> **Task**
Since only the words are wanted, reproduce every entry exactly and leave the images behind.

> **Data extracts**
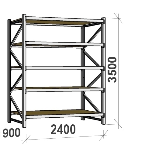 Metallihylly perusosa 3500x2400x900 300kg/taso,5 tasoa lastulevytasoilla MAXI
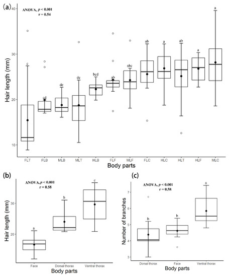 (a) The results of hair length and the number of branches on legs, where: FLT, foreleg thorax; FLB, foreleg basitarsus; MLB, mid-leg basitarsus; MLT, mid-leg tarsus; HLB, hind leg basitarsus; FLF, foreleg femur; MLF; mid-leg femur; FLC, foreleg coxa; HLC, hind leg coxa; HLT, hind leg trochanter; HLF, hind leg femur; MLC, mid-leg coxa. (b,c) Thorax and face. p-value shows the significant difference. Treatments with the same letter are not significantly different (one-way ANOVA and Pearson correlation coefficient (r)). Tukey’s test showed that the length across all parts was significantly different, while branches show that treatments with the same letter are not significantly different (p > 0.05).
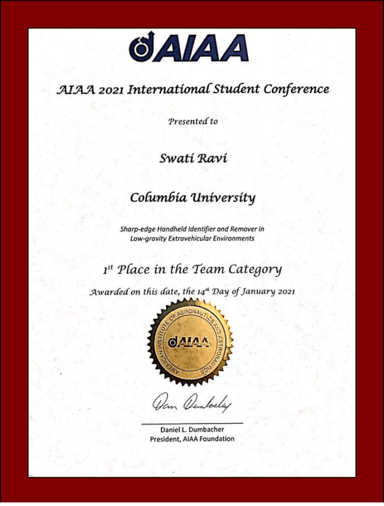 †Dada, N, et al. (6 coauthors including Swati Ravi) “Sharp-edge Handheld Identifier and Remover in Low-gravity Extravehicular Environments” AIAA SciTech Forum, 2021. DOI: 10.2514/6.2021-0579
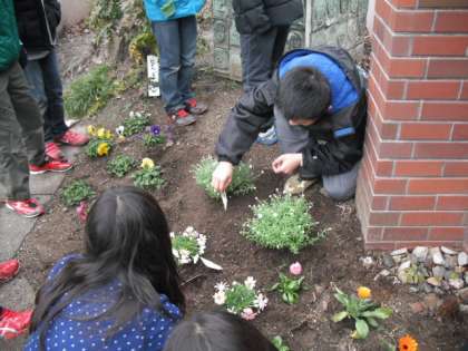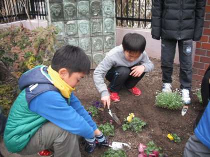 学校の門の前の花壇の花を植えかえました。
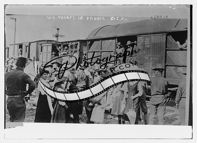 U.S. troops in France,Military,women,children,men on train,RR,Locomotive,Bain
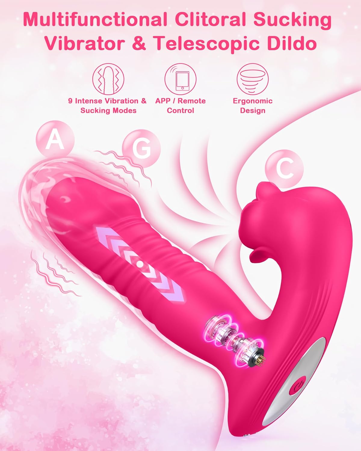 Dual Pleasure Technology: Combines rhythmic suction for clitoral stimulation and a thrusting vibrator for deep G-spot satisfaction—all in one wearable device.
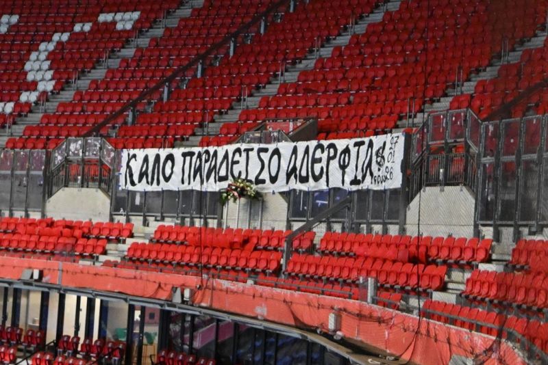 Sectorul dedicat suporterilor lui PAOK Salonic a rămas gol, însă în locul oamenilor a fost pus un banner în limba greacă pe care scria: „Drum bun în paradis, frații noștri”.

> **Solution for this task**
 Metallihylly perusosa 3500x2400x900 300kg/taso,5 tasoa lastulevytasoilla MAXI
 (a) The results of hair length and the number of branches on legs, where: FLT, foreleg thorax; FLB, foreleg basitarsus; MLB, mid-leg basitarsus; MLT, mid-leg tarsus; HLB, hind leg basitarsus; FLF, foreleg femur; MLF; mid-leg femur; FLC, foreleg coxa; HLC, hind leg coxa; HLT, hind leg trochanter; HLF, hind leg femur; MLC, mid-leg coxa. (b,c) Thorax and face. p-value shows the significant difference. Treatments with the same letter are not significantly different (one-way ANOVA and Pearson correlation coefficient (r)). Tukey’s test showed that the length across all parts was significantly different, while branches show that treatments with the same letter are not significantly different (p > 0.05).
 †Dada, N, et al. (6 coauthors including Swati Ravi) “Sharp-edge Handheld Identifier and Remover in Low-gravity Extravehicular Environments” AIAA SciTech Forum, 2021. DOI: 10.2514/6.2021-0579
 学校の門の前の花壇の花を植えかえました。
 U.S. troops in France,Military,women,children,men on train,RR,Locomotive,Bain
 Dual Pleasure Technology: Combines rhythmic suction for clitoral stimulation and a thrusting vibrator for deep G-spot satisfaction—all in one wearable device.
 Sectorul dedicat suporterilor lui PAOK Salonic a rămas gol, însă în locul oamenilor a fost pus un banner în limba greacă pe care scria: „Drum bun în paradis, frații noștri”.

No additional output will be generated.